Extracted information =>

----------------------------------------

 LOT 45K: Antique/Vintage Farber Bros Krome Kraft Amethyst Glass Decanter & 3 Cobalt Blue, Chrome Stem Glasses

----------------------------------------

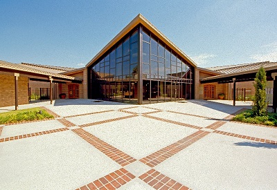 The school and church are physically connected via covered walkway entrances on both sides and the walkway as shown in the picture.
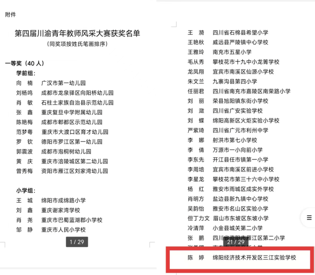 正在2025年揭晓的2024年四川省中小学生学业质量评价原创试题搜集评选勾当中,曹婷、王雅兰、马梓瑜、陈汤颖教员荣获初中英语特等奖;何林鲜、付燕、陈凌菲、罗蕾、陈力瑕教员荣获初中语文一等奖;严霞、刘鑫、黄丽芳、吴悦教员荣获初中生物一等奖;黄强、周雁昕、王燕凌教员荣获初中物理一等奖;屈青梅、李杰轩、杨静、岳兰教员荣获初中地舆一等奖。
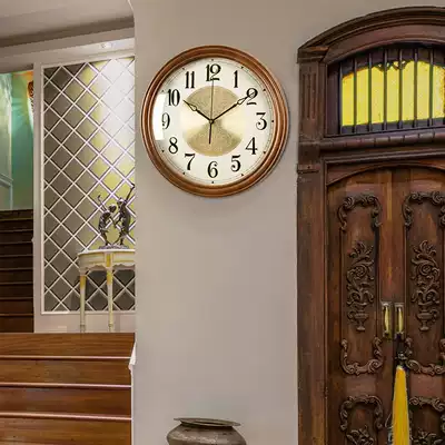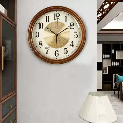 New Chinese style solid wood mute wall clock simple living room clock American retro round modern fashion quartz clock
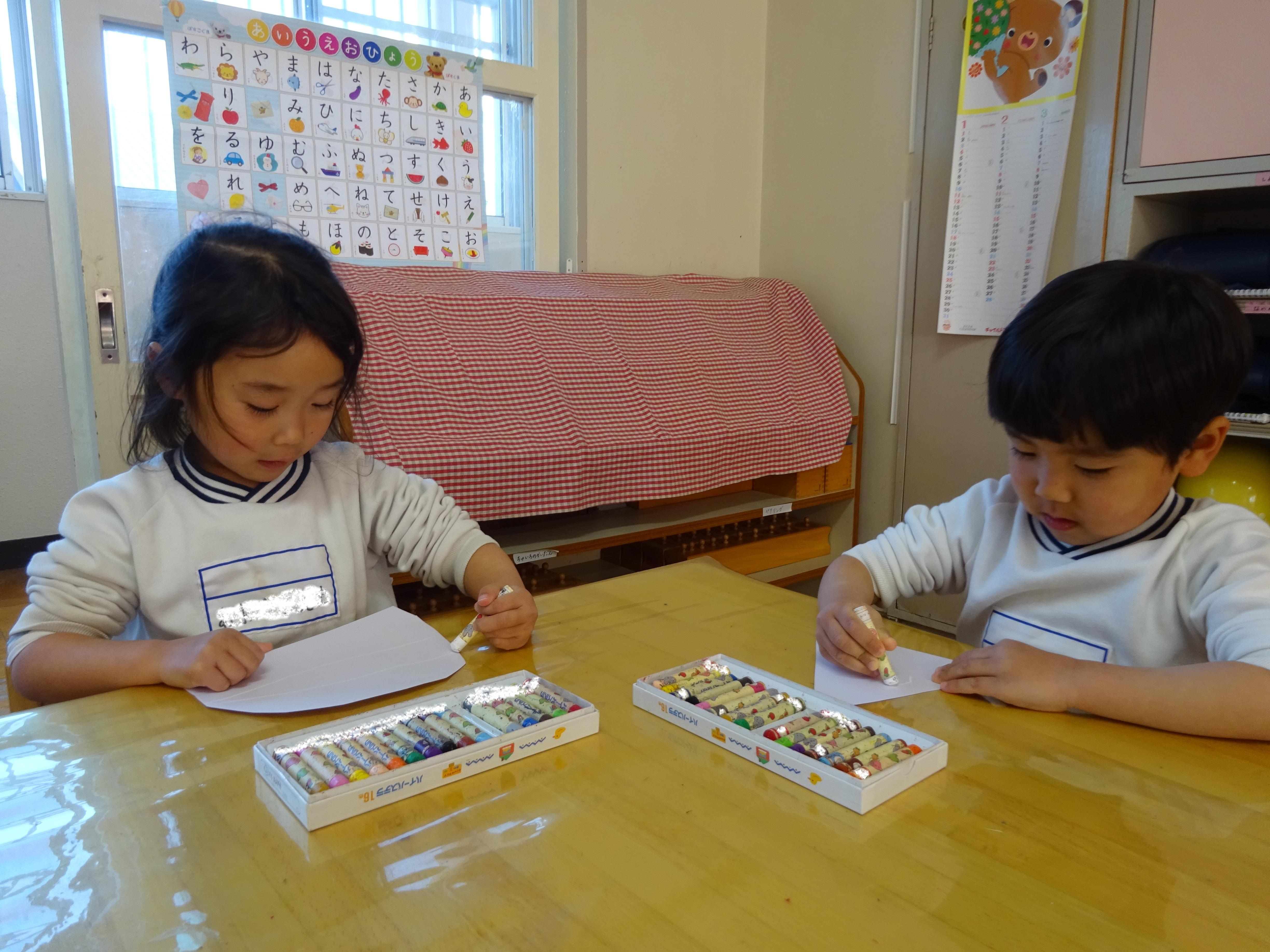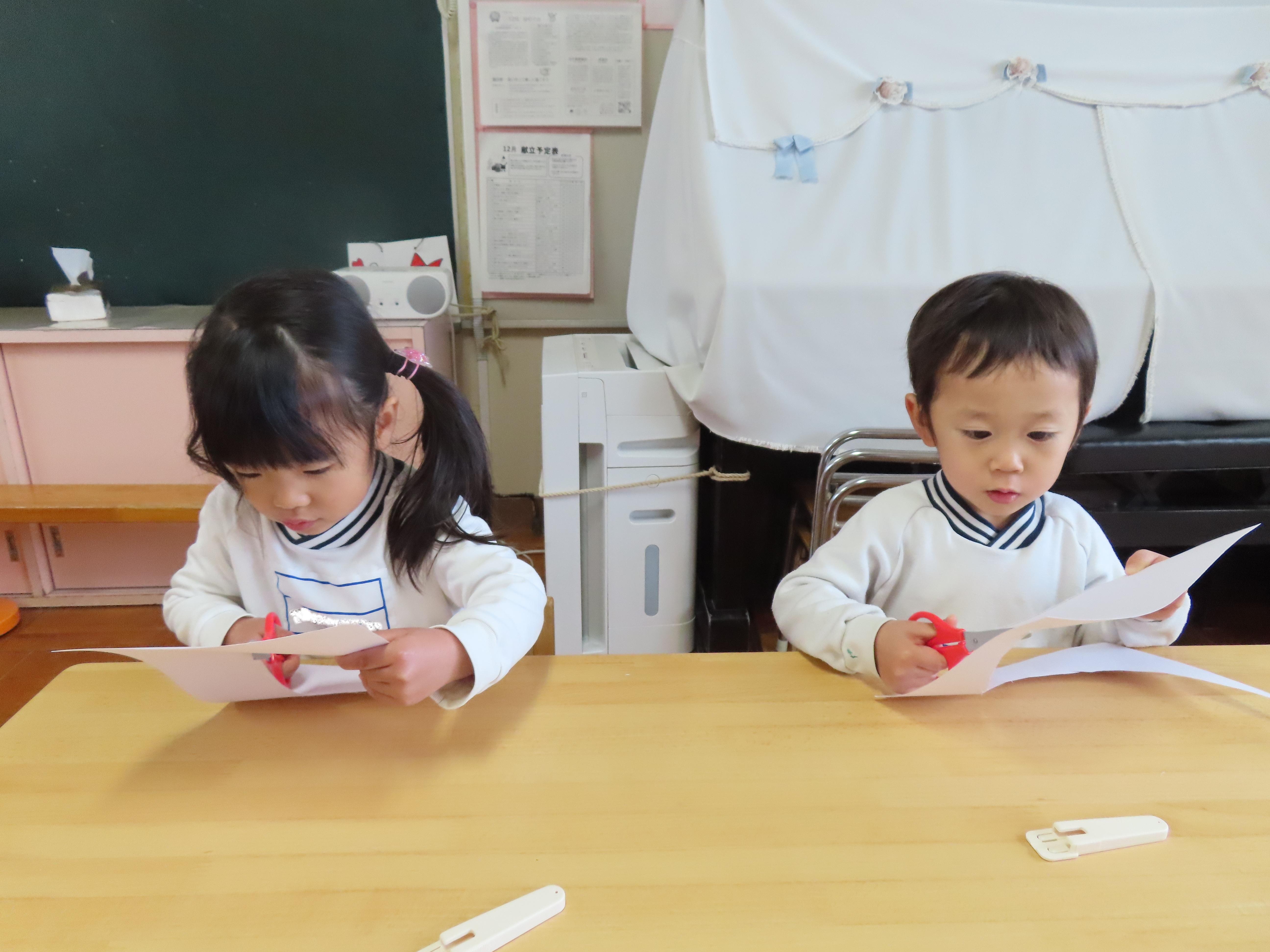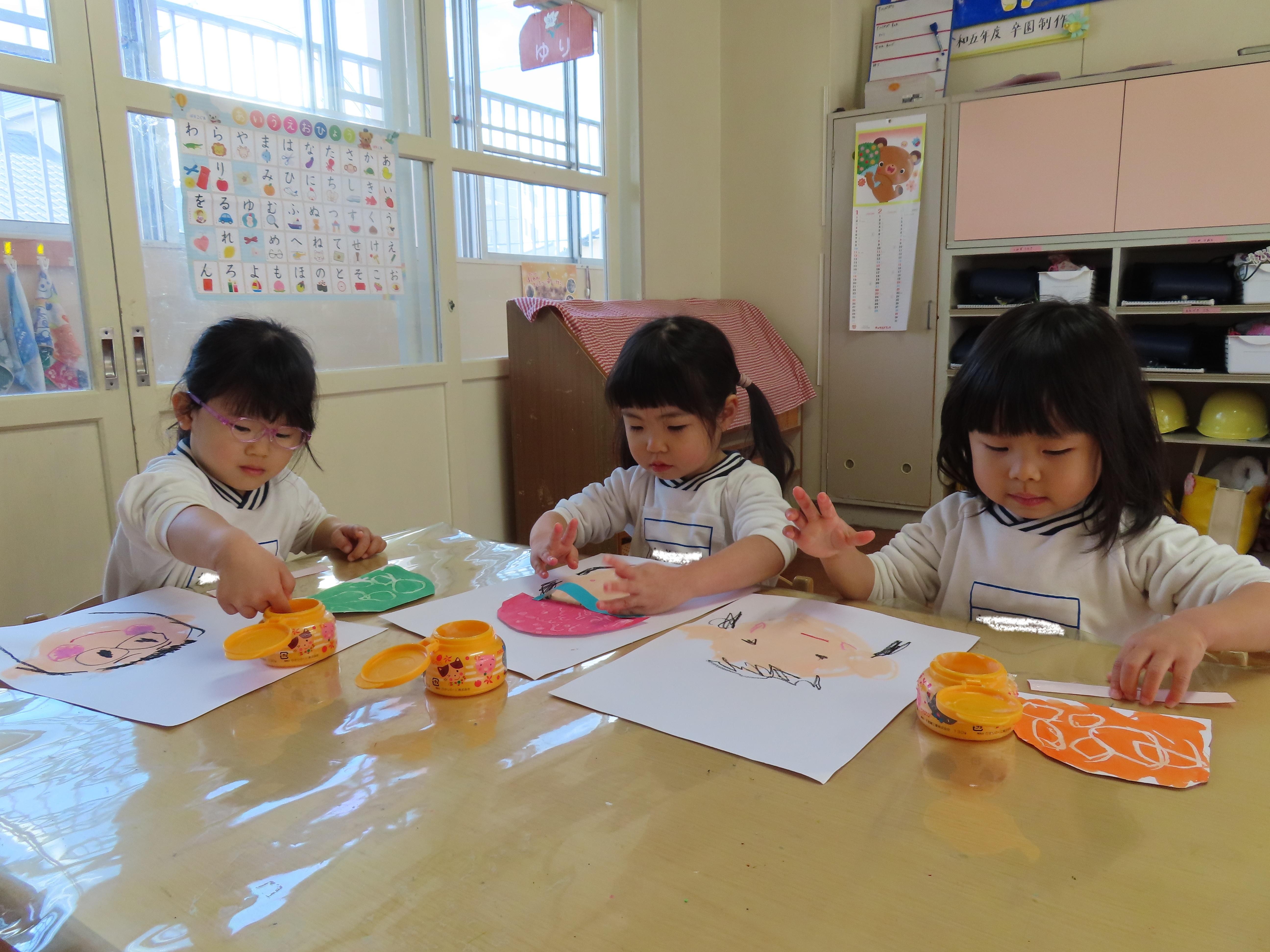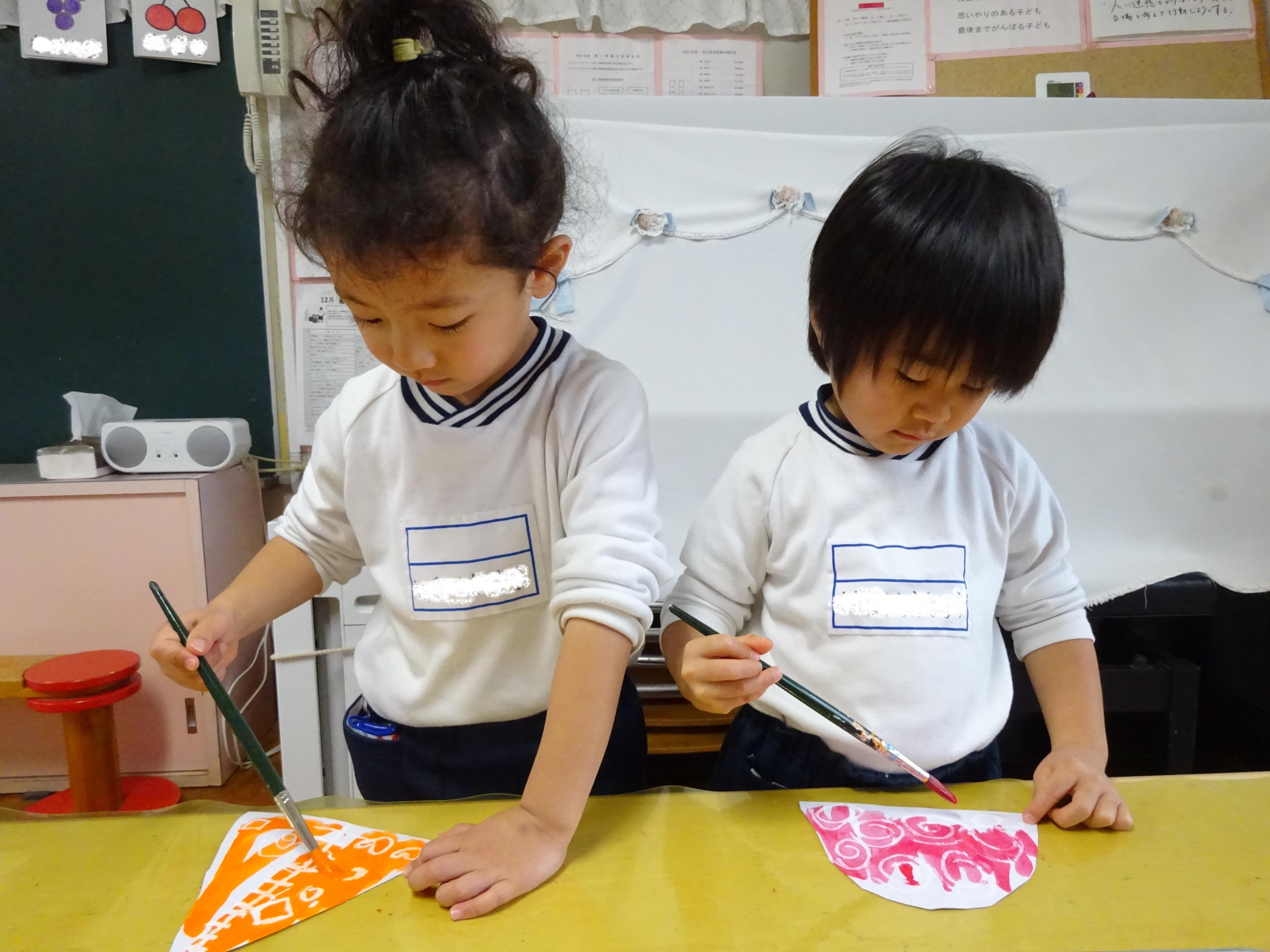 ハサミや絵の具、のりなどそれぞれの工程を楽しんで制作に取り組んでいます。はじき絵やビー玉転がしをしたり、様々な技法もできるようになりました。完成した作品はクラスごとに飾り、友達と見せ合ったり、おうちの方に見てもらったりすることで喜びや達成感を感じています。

----------------------------------------

Task => What belongs in the answer is each line above from the line with "The school and" to the line with "ハサミや絵の具、のりなどそれ", inclusive, reproduced exactly and free of pictures.

Task solution =>
 The school and church are physically connected via covered walkway entrances on both sides and the walkway as shown in the picture.
 正在2025年揭晓的2024年四川省中小学生学业质量评价原创试题搜集评选勾当中,曹婷、王雅兰、马梓瑜、陈汤颖教员荣获初中英语特等奖;何林鲜、付燕、陈凌菲、罗蕾、陈力瑕教员荣获初中语文一等奖;严霞、刘鑫、黄丽芳、吴悦教员荣获初中生物一等奖;黄强、周雁昕、王燕凌教员荣获初中物理一等奖;屈青梅、李杰轩、杨静、岳兰教员荣获初中地舆一等奖。
 New Chinese style solid wood mute wall clock simple living room clock American retro round modern fashion quartz clock
 ハサミや絵の具、のりなどそれぞれの工程を楽しんで制作に取り組んでいます。はじき絵やビー玉転がしをしたり、様々な技法もできるようになりました。完成した作品はクラスごとに飾り、友達と見せ合ったり、おうちの方に見てもらったりすることで喜びや達成感を感じています。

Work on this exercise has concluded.